(Items from a data source)
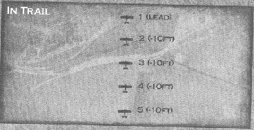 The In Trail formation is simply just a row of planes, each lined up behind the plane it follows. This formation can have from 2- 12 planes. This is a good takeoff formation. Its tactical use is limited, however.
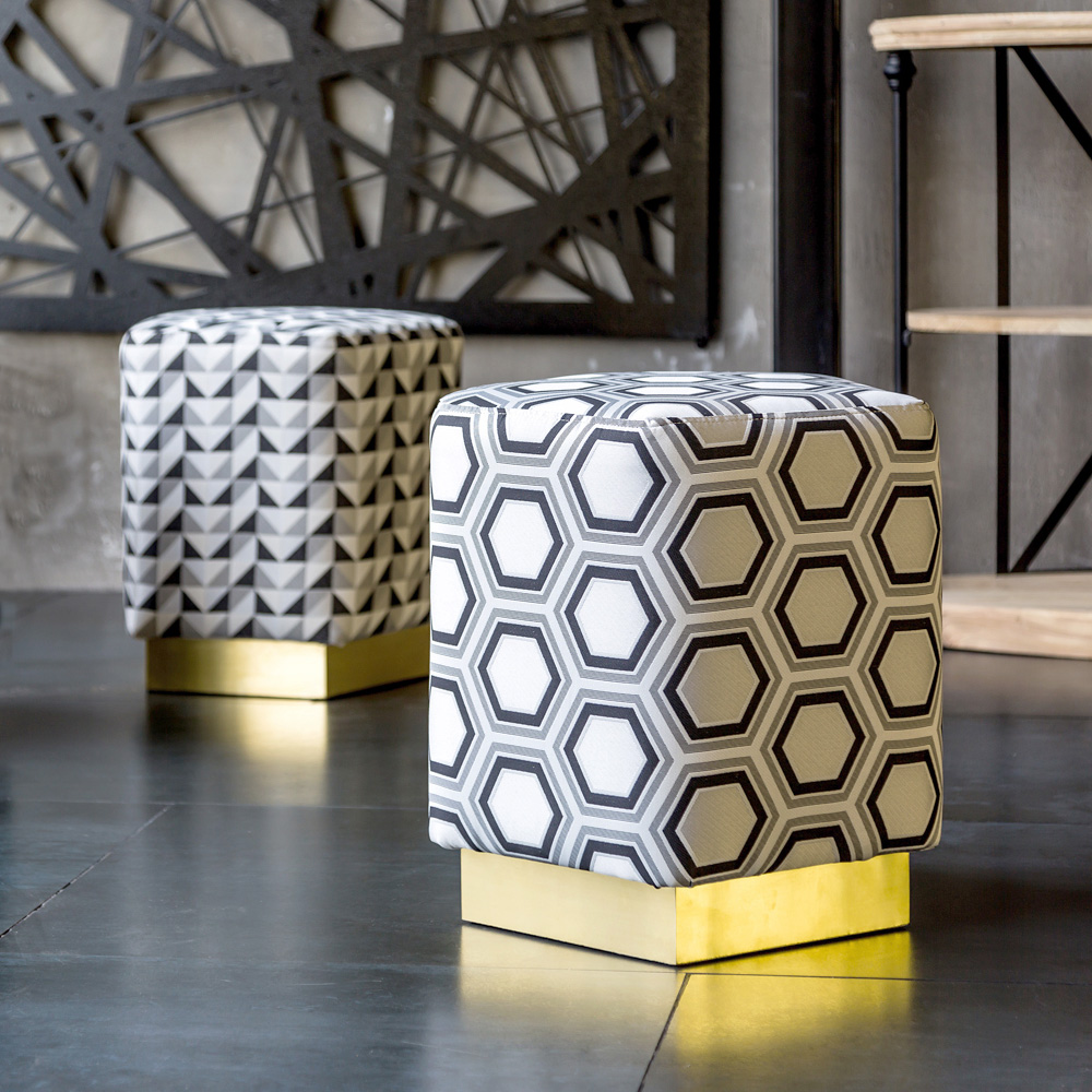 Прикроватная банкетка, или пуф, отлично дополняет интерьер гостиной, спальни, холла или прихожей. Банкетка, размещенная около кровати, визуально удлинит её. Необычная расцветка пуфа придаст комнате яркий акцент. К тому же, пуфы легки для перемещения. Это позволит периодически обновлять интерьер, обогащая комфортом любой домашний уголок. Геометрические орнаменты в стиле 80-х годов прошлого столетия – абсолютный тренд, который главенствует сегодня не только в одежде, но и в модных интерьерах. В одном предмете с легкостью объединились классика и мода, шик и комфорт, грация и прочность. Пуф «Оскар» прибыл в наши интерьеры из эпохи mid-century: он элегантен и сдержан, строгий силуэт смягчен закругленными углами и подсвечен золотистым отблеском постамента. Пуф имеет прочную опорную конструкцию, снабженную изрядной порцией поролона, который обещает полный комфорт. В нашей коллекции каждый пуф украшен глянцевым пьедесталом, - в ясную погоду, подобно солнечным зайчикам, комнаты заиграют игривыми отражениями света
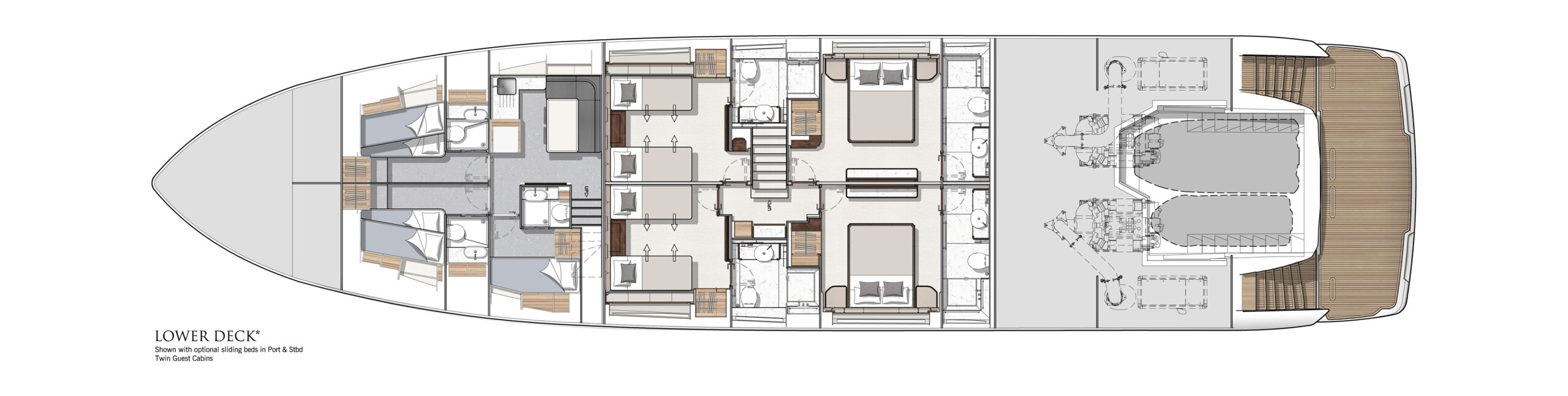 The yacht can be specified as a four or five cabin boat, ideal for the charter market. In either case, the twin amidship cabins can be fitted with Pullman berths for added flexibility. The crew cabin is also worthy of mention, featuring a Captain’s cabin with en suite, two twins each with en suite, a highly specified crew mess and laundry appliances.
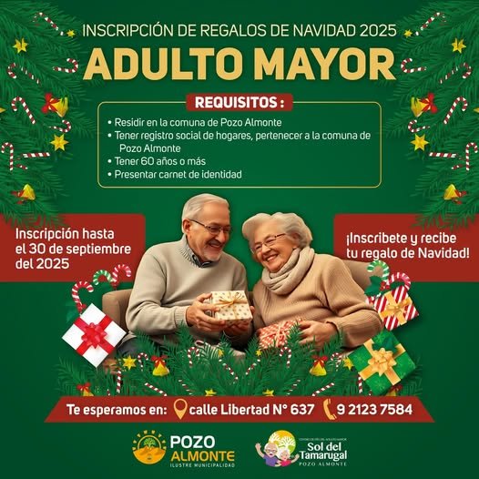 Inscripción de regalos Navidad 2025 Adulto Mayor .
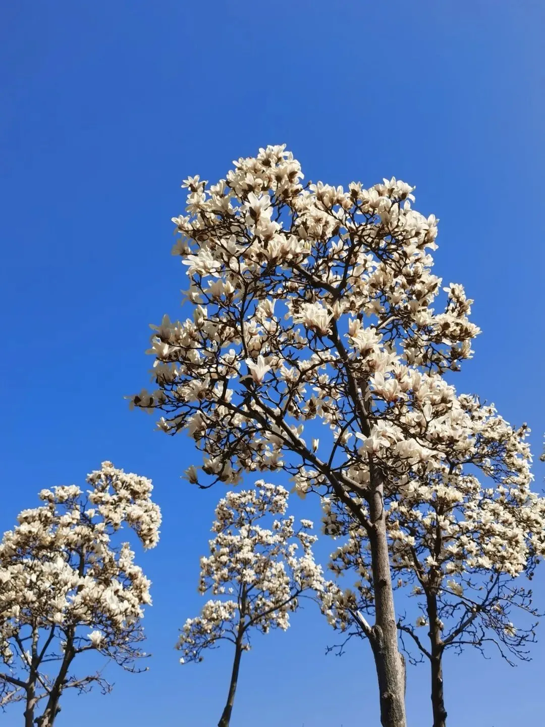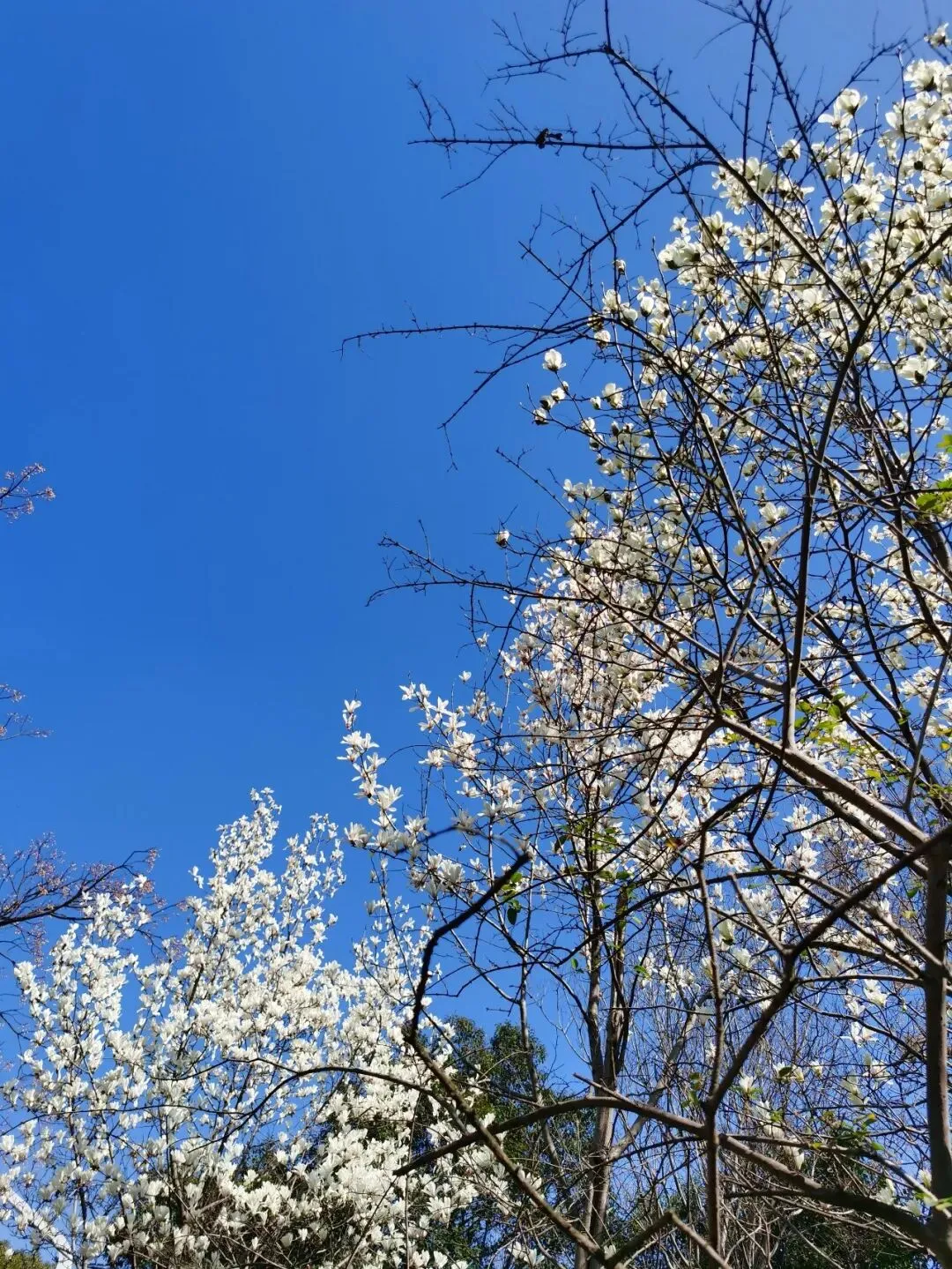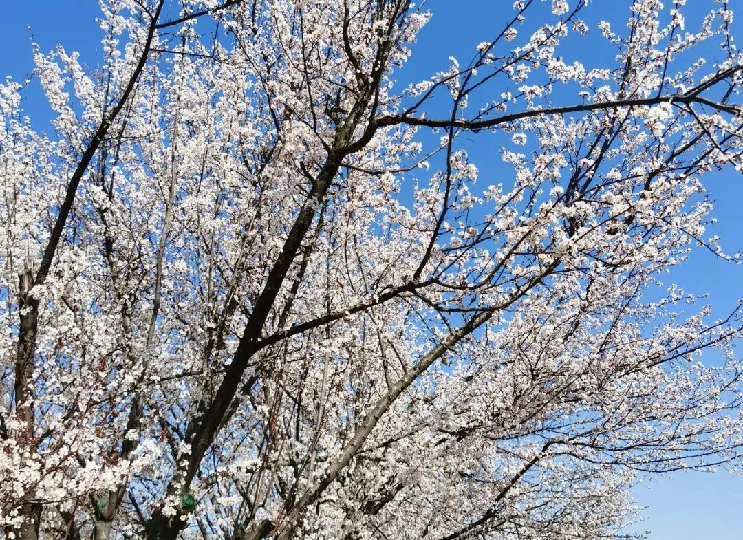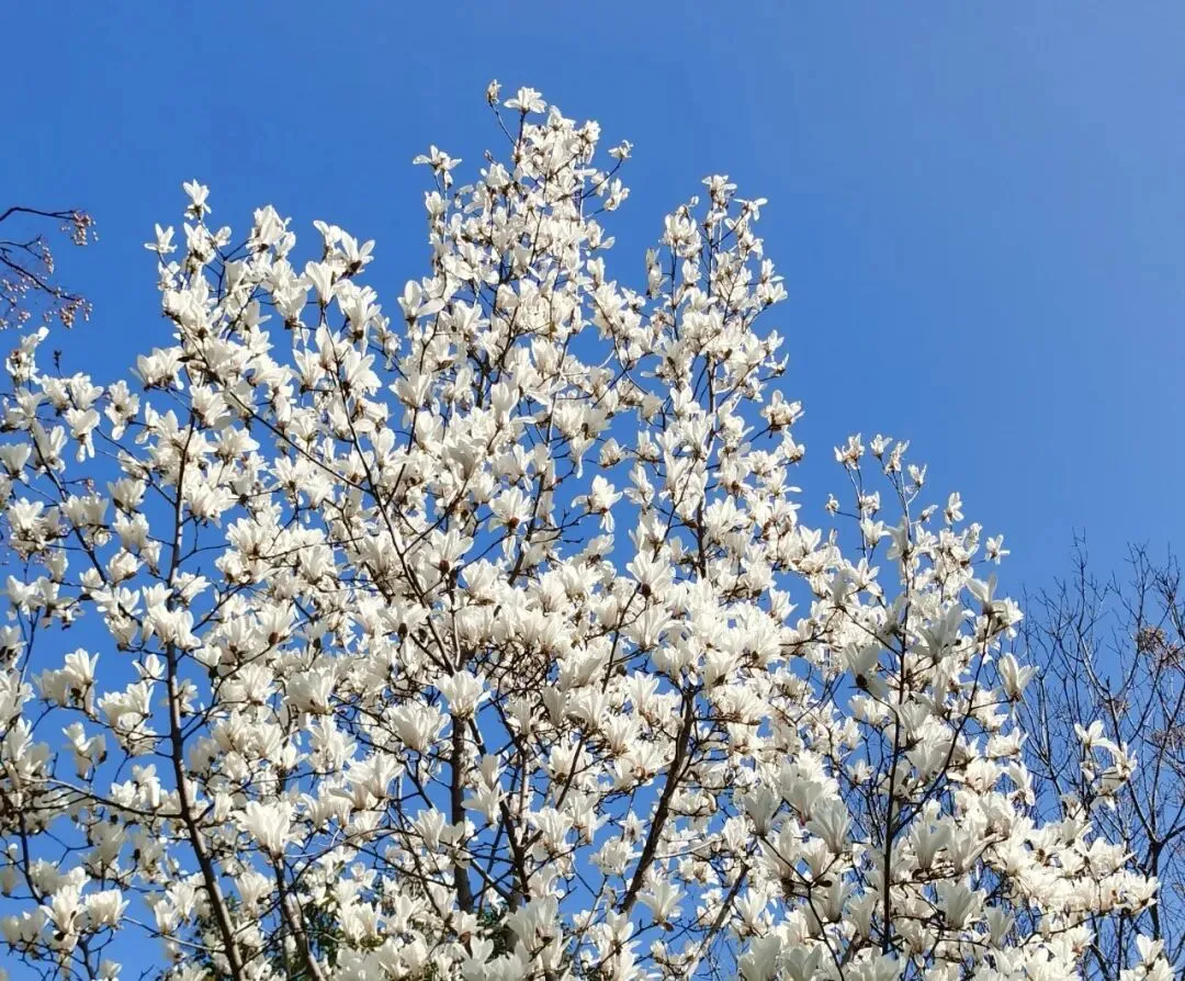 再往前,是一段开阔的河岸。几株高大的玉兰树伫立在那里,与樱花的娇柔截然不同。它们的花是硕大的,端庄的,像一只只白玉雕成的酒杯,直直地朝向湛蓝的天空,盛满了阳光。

* _WORK TASK_
Reproduce, word for word, every line from the start of the records down to and including the line with "Прикроватная банкетка, или"; skip the pictures.

* _EXERCISE OUTPUT_
 The In Trail formation is simply just a row of planes, each lined up behind the plane it follows. This formation can have from 2- 12 planes. This is a good takeoff formation. Its tactical use is limited, however.
 Прикроватная банкетка, или пуф, отлично дополняет интерьер гостиной, спальни, холла или прихожей. Банкетка, размещенная около кровати, визуально удлинит её. Необычная расцветка пуфа придаст комнате яркий акцент. К тому же, пуфы легки для перемещения. Это позволит периодически обновлять интерьер, обогащая комфортом любой домашний уголок. Геометрические орнаменты в стиле 80-х годов прошлого столетия – абсолютный тренд, который главенствует сегодня не только в одежде, но и в модных интерьерах. В одном предмете с легкостью объединились классика и мода, шик и комфорт, грация и прочность. Пуф «Оскар» прибыл в наши интерьеры из эпохи mid-century: он элегантен и сдержан, строгий силуэт смягчен закругленными углами и подсвечен золотистым отблеском постамента. Пуф имеет прочную опорную конструкцию, снабженную изрядной порцией поролона, который обещает полный комфорт. В нашей коллекции каждый пуф украшен глянцевым пьедесталом, - в ясную погоду, подобно солнечным зайчикам, комнаты заиграют игривыми отражениями света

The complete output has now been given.